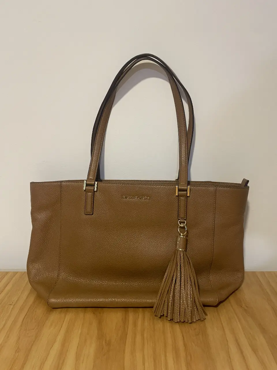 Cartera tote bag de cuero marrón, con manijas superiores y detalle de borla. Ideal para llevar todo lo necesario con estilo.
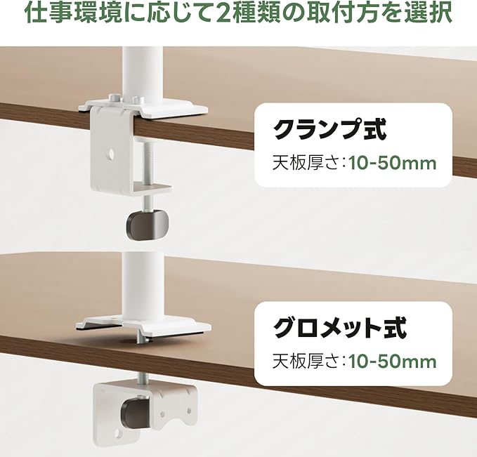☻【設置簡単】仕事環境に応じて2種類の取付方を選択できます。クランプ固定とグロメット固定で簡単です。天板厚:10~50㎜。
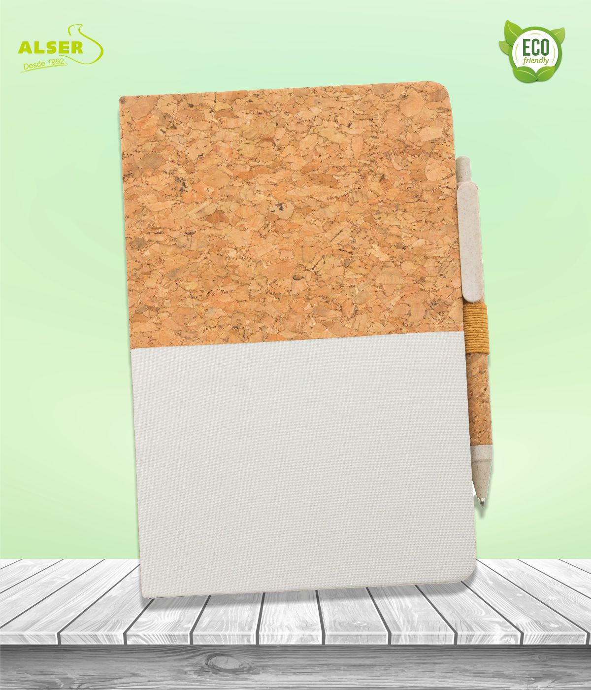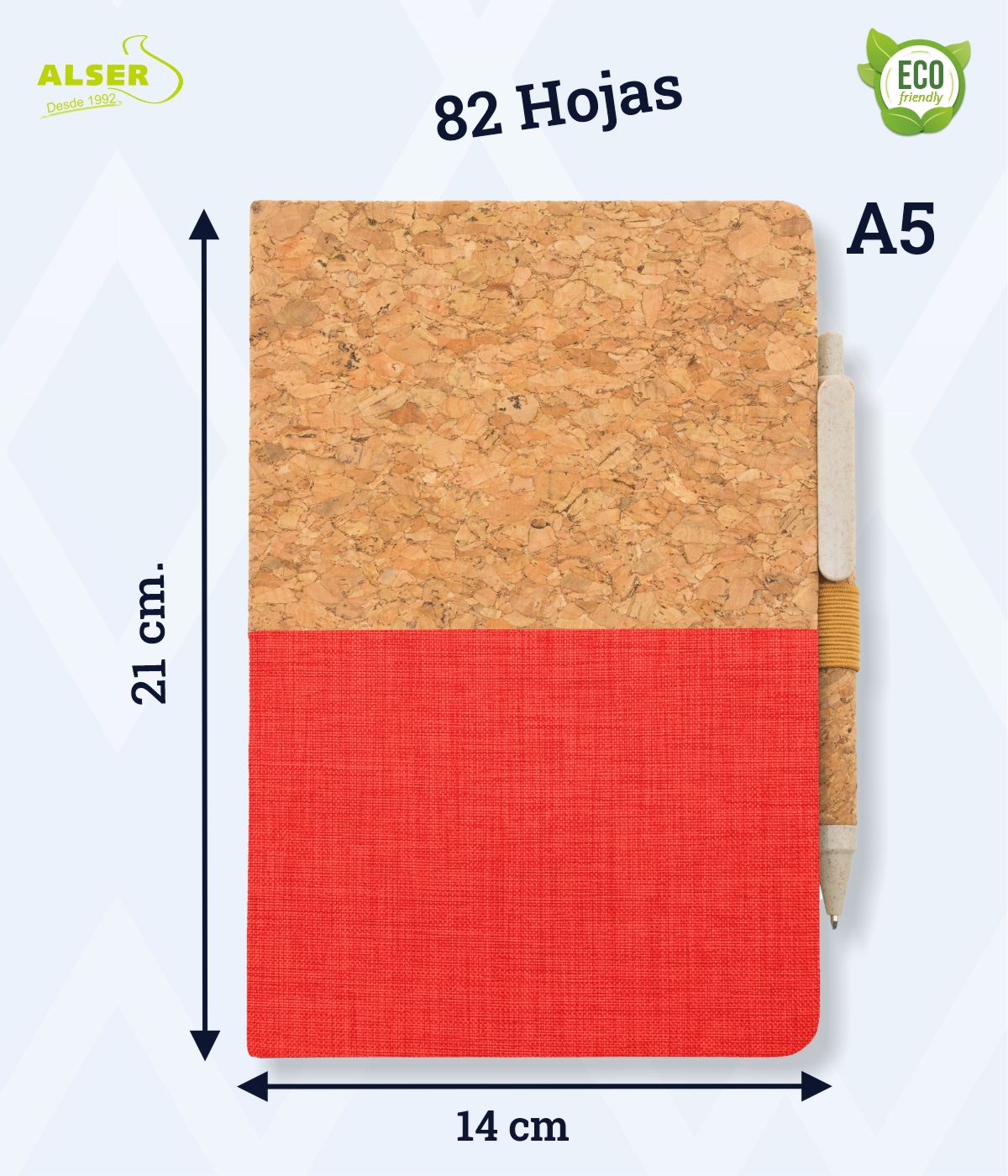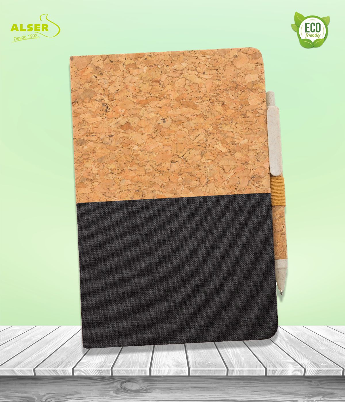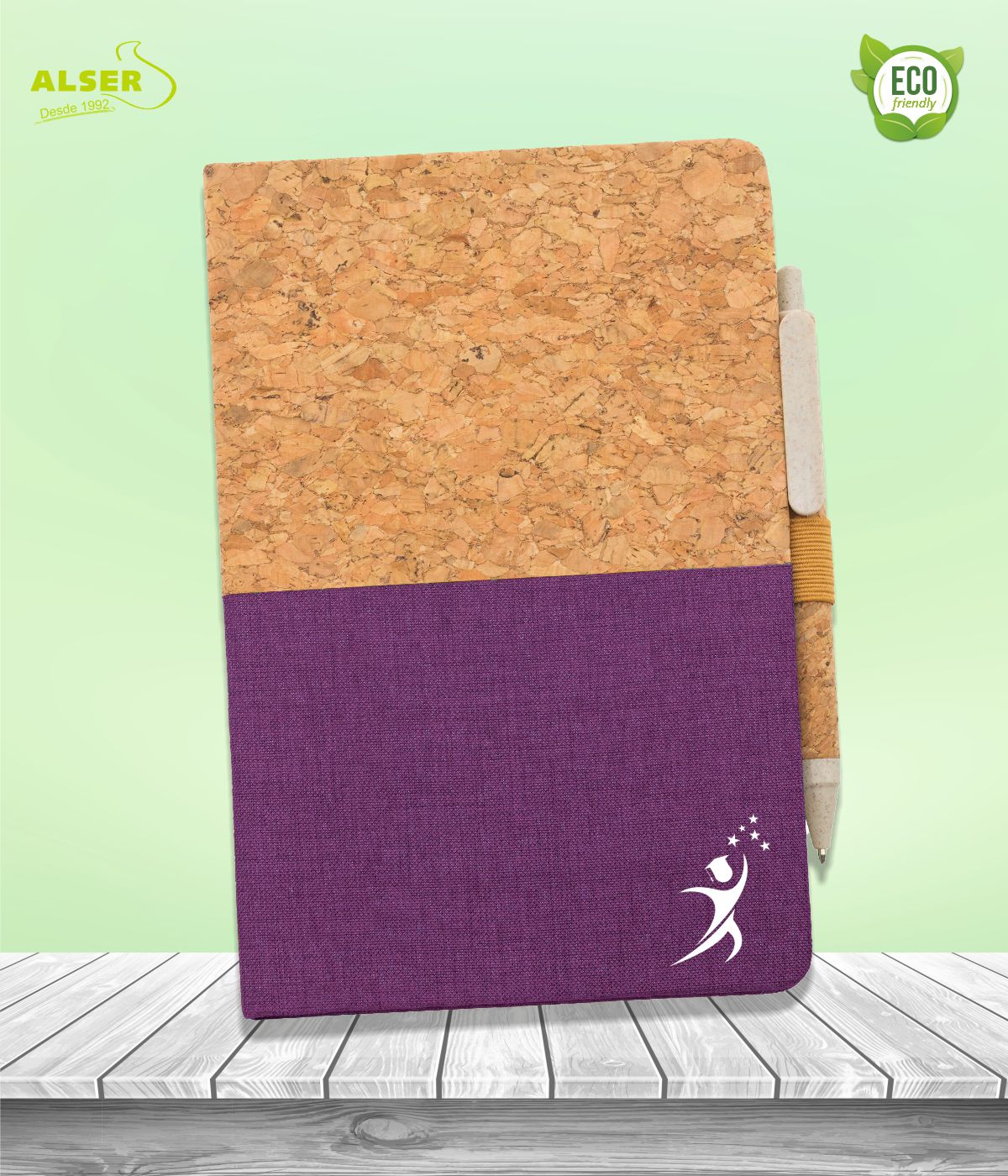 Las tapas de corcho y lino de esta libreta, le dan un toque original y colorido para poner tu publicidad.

— Problem statement —
Reproduce the material above in full, images excluded.

— Reply —
 Cartera tote bag de cuero marrón, con manijas superiores y detalle de borla. Ideal para llevar todo lo necesario con estilo.
☻【設置簡単】仕事環境に応じて2種類の取付方を選択できます。クランプ固定とグロメット固定で簡単です。天板厚:10~50㎜。
 Las tapas de corcho y lino de esta libreta, le dan un toque original y colorido para poner tu publicidad.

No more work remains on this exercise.